EKBIS.CO, JAKARTA -- Bank Indonesia (BI) mencatat penyaluran kredit perbankan mengalami penurunan sebesar 5,73 persen pada April 2020. Padahal pada Maret 2020 masih berkisar 7,2 persen atau setara dengan Rp 5.703,4 triliun.
Gubernur BI Perry Warjiyo mengatakan pihaknya melakukan pelonggaran likuiditas (quantitative easing/QE) untuk mendorong program Pemulihan Ekonomi Nasional (PEN) dan program restrukturisasi kredit yang dilakukan oleh pemerintah dan Otoritas Jasa Keuangan (OJK).
"Bank hati-hati menyalurkan kredit akibat wabah Covid-19. Ini tercermin pertumbuhan kredit April 2020 5,73 persen (yoy), ini lemah," ujarnya saat konferensi pers virtual, Kamis (18/6).
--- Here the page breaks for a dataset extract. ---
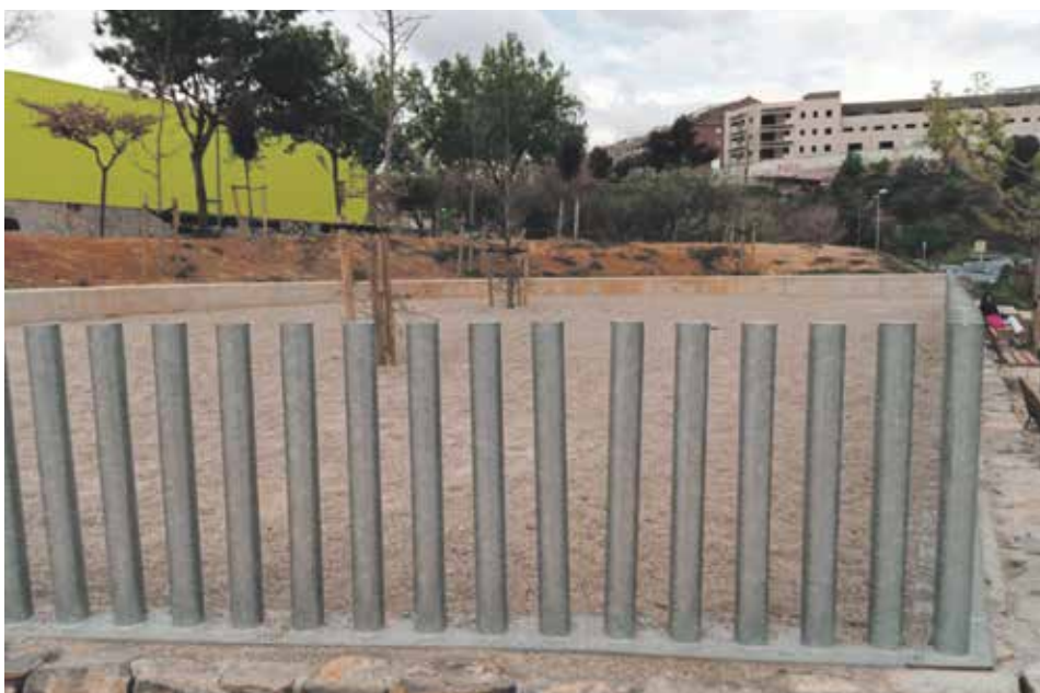
Les llars d'infants, de preinscripció

La resta de participants també van obtenir un diploma acreditatiu de la seva participació al certamen.

Meski penyaluran kredit mengalami penurunan, Perry justru mencatat kondisi rasio kecukupan modal perbankan atau capital adequacy ratio (CAR) yang cukup tinggi pada April 2020 sebesar 22,03 persen. Sedangkan Rasio kredit bermasalah (non-performing loan/NPL) tetap rendah sebesar 2,89 persen (bruto) dan sebesar 1,31 persen (netto).
Kemudian Dana Pihak Ketiga (DPK) lebih tinggi dari pertumbuhan kredit, 8,08 persen (yoy). Ke depan, Bank Indonesia menerapkan kebijakan makroprudensial yang akomodatif dalam menangani penyebaran dampak Covid-19.
Sedangkan suku bunga di luar perbankan, Perry menyebut suku bunga yield SBN 1 tahun, dalam periode yang sama turun 120 basis poin. "Jadi penurunan BI Rate telah menurunkan juga biaya APBN khususnya untuk tenor 1 tahun," ucapnya.
Menurutnya penurunan tenor-tenor yang lebih relatif lebih kecil, yang dipengaruhi preferensi pelaku pasar termasuk investor asing dan juga premi resiko.
"Jadi penurunan suku bunga kebijakan BI tidak hanya menurunkan suku bunga pasar uang, tidak hanya menurunkan suku bunga deposito, tidak hanya menurunkan suku bunga kredit, tapi juga menurunkan biaya APBN, dalam bentuk suku bunga APBN," jelasnya.